Monday, April 9, 2012

Giving Up (studies in learned helplessness)

I am rereading Ellen J. Langer's wonderful book, Counterclockwise: Mindful Health and the P0wer of Possibility. In one chapter, she writes about studies in learned helplessness.

Researchers took dogs and put them in harnesses. The control group was simply harnessed and later released. The other two groups were harnessed and subjected to electric shocks. One of those groups could stop the shocks by stepping on a lever, the other group had no control. After the experiment, the group that had control recovered quickly, while the other group exhibited symptoms similar to chronic clinical depression.

Those same groups of dogs were put into a shuttle box apparatus where they could escape the shocks if they jumped over a small partition. For the most part, the last group of dogs who had previously "learned" that they had no control over their fate, just lay down and passively whined. They didn't even try to escape the shocks.

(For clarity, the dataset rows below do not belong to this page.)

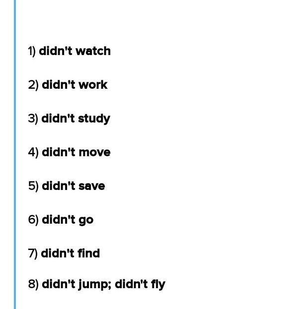 2. Choose the correct options. 1) He didn't work / worked as an actor when he was young. 2) We didn't enjoy /enjoyed doing work experience last weekend. 3) My parents didn't travel/travelled to the office by car on Monday. 4) Juan didn't earn/earned a lot of money working last summer. 5) The café didn't open/opened at 9 am yesterday. 6) We didn't watch/watched the film last night on TV. 7) Aida didn't/did serve food to the customers in the hotel. даю 20 балов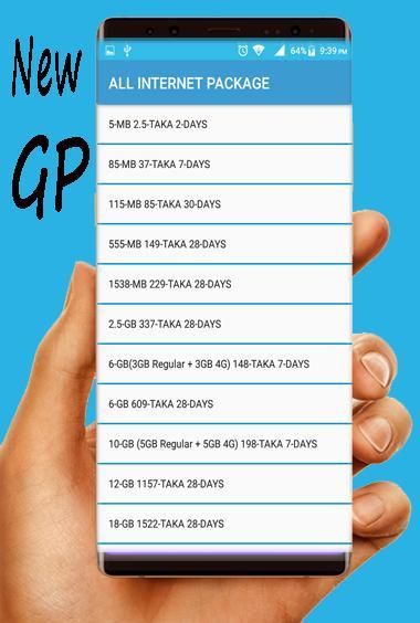 बांग्लादेश में जीपी मोबाइल इंटरनेट पैकेज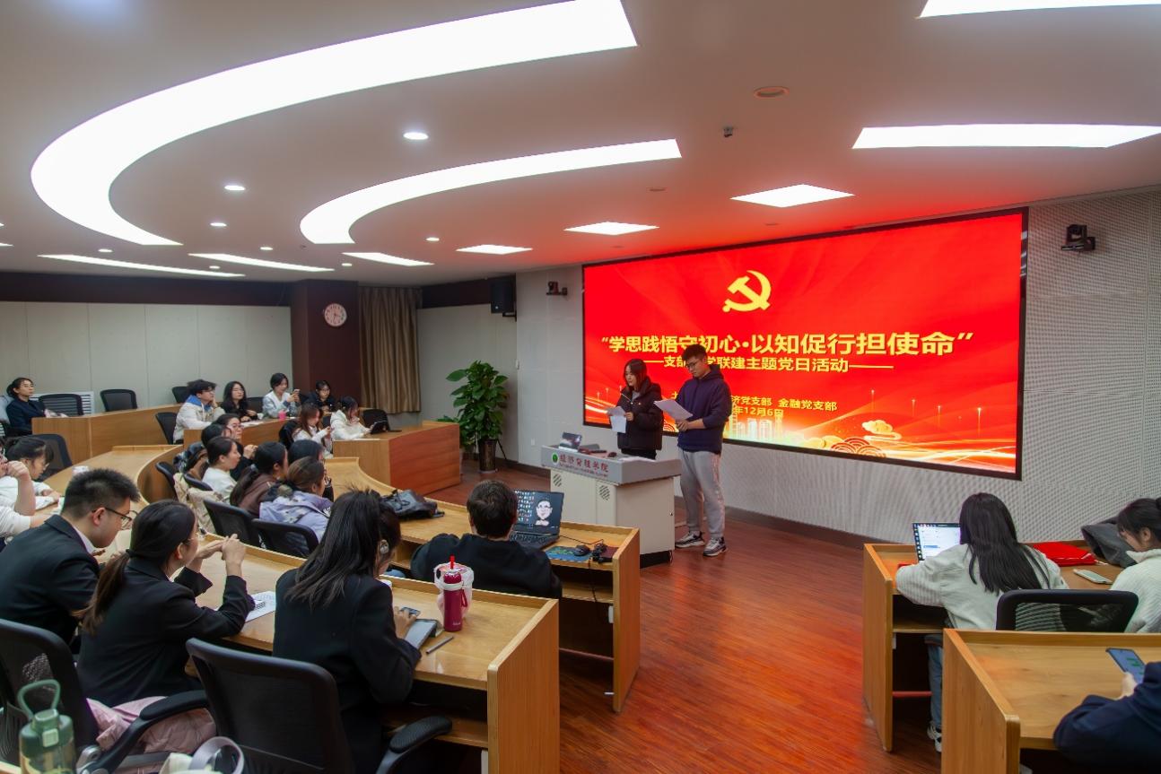 为深入学习贯彻党的二十大和二十届三中全会精神,拓展政治理论学习的深度与广度,提升党支部成员的理论素养,12月6日晚,土管、经济、金融党支部于学院C301会议室联合举办“学思践悟守初心 · 以知促行担使命”联学联建主题党日活动,来自三个党支部的党员、发展对象和入党积极分子等共计40余名同学参与。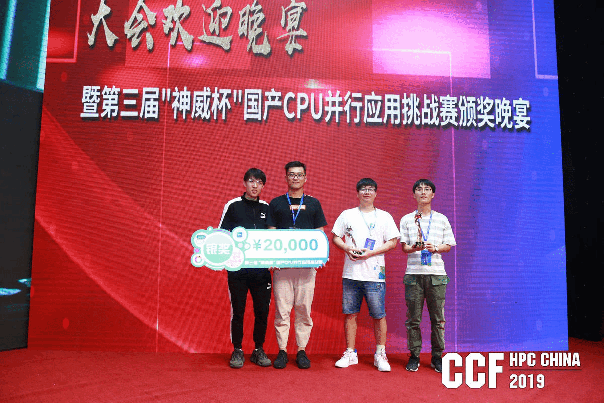 我校由物联网工程学院柴志雷老师指导的两支队伍代表江南大学参加了该赛事并获得了一银一铜的好成绩。其中由物联网工程学院及纺织服装学院研究生袁鸣、刘旭、陈宏博、李文组成的“太湖神鼋”队荣获银奖;由计算机科学与技术等专业本科生叶钧超、赵海旭、孙瑞鑫组成的“江大TEAM”队荣获铜奖。两只获奖队伍均由江南大学超级计算俱乐部组织及培训。江南大学超级计算俱乐部由柴志雷老师创建于2018年10月,目标是通过培训及大赛培养学生的并行编程能力。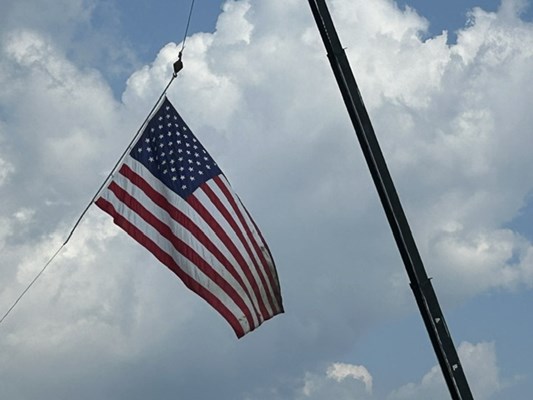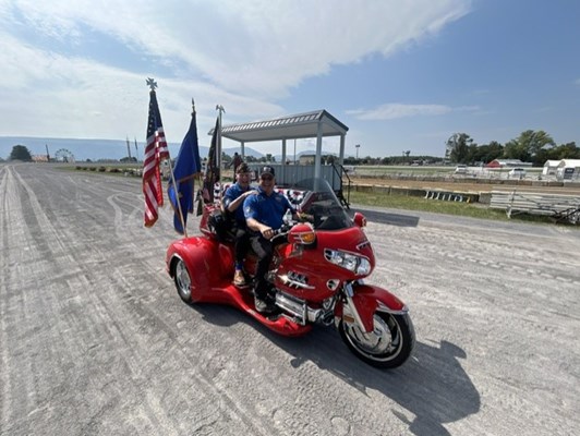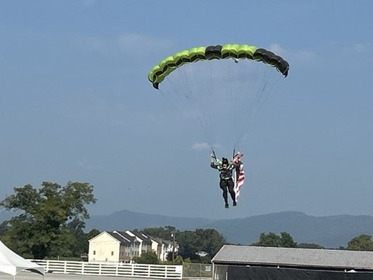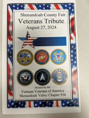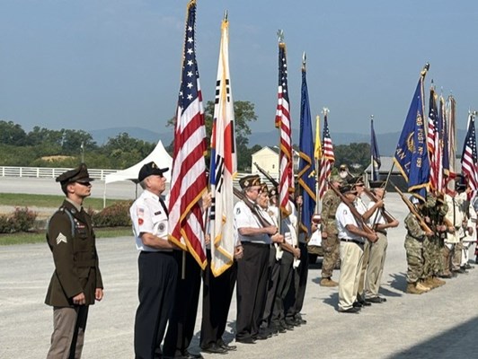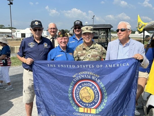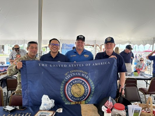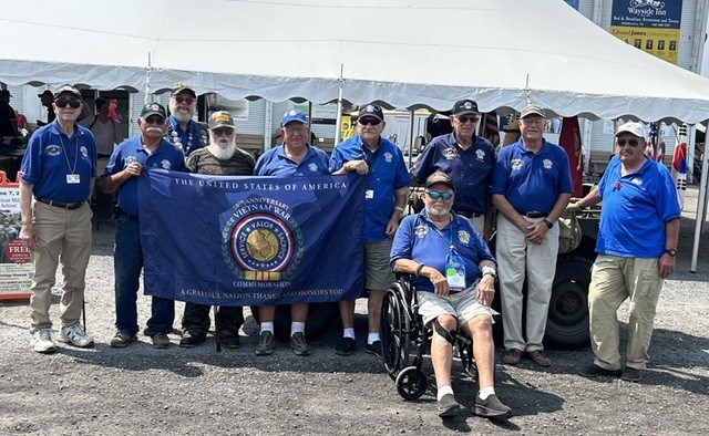 Members of VVA Shenandoah Chapter 936, VFW National Commander Al Lipphardt, VWC's Col. Tom and former POW and Vietnam veteran David Harker, U.S. Army, stand together holding a VWC Commemorative Flag.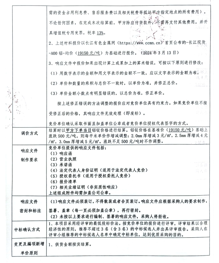 雅州壹號(hào)院鋁單板材料采購競價(jià)公告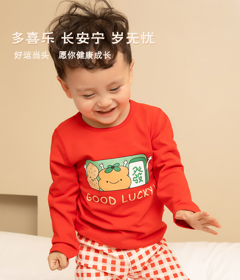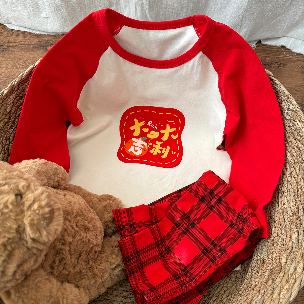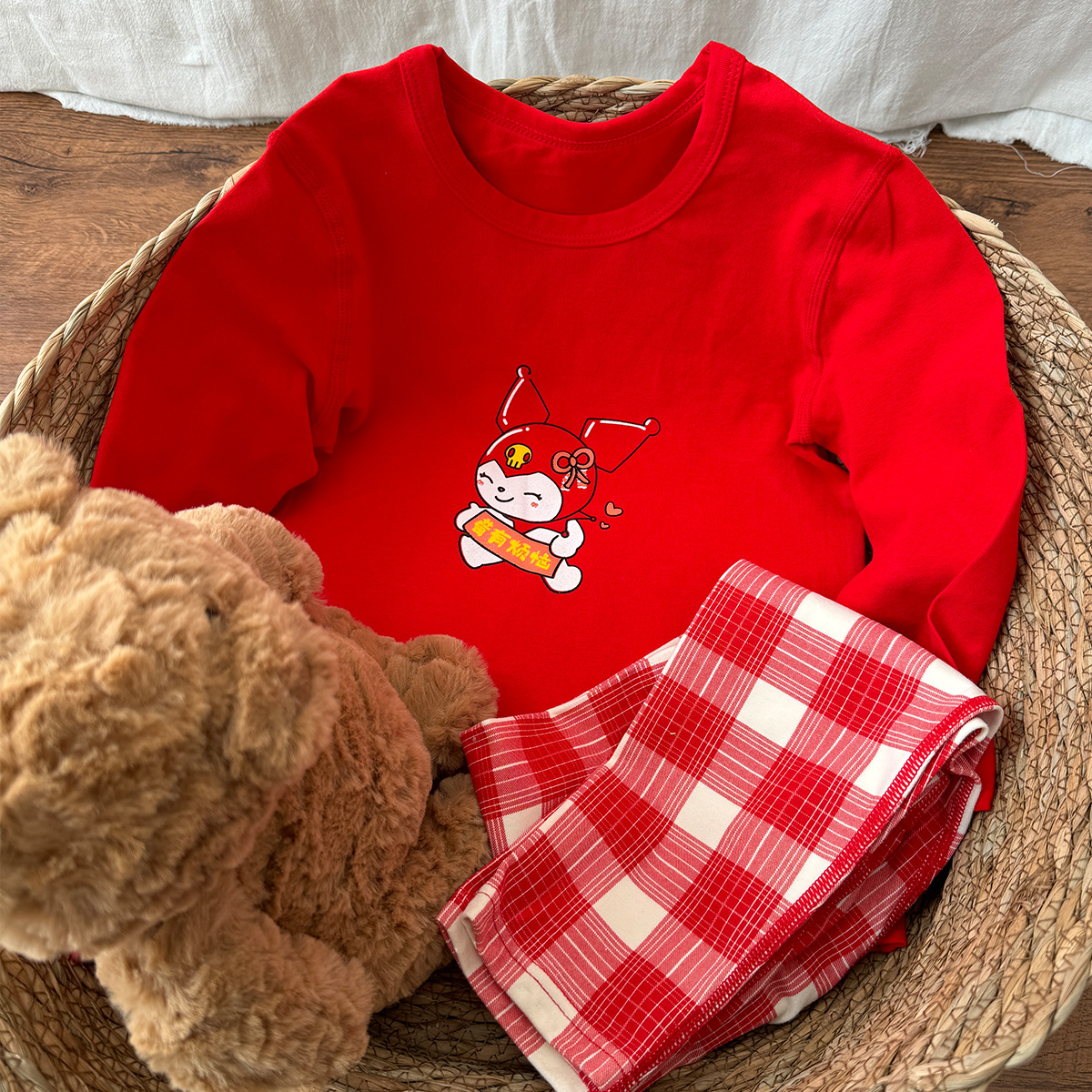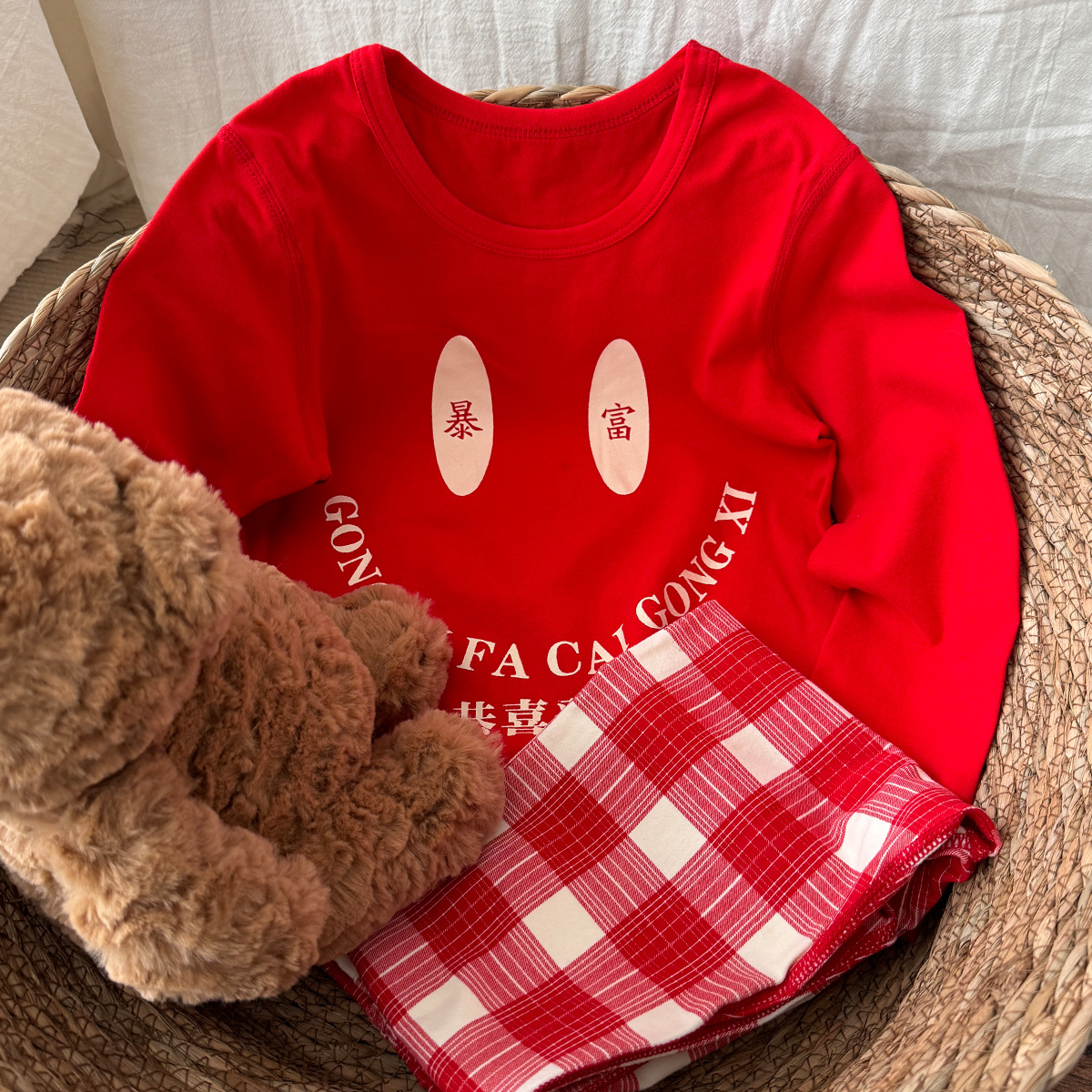 어린이 세트 가을 옷과 바지 속옷 순수한면 레드 라이프 해 소녀와 소년 빨간 새해 가정 옷스토어 가기

Another study involved rats. Rats were restrained until they gave up struggling and went limp. Those rats and a control group that had not been restrained were put in ice water. The restrained rats didn't even try to swim. The rats that had not been restrained, swam for hours.

I felt that way in October of 2003. I had learned helplessness. It was actually a spark of anger at a psychiatrist that drove me to the library to learn how to live well with chronic illness. (Truth be told, it was less of a spark and more of an explosion!)

Langer goes on to write, "Why try to help ourselves if we have a disease that's uncontrollable? There wouldn't be much point. Remember, virtually every disease medicine has conqured was at one time thought to be uncontrollable, and again, it took someone to think it indeterminate to find out how to conquer it."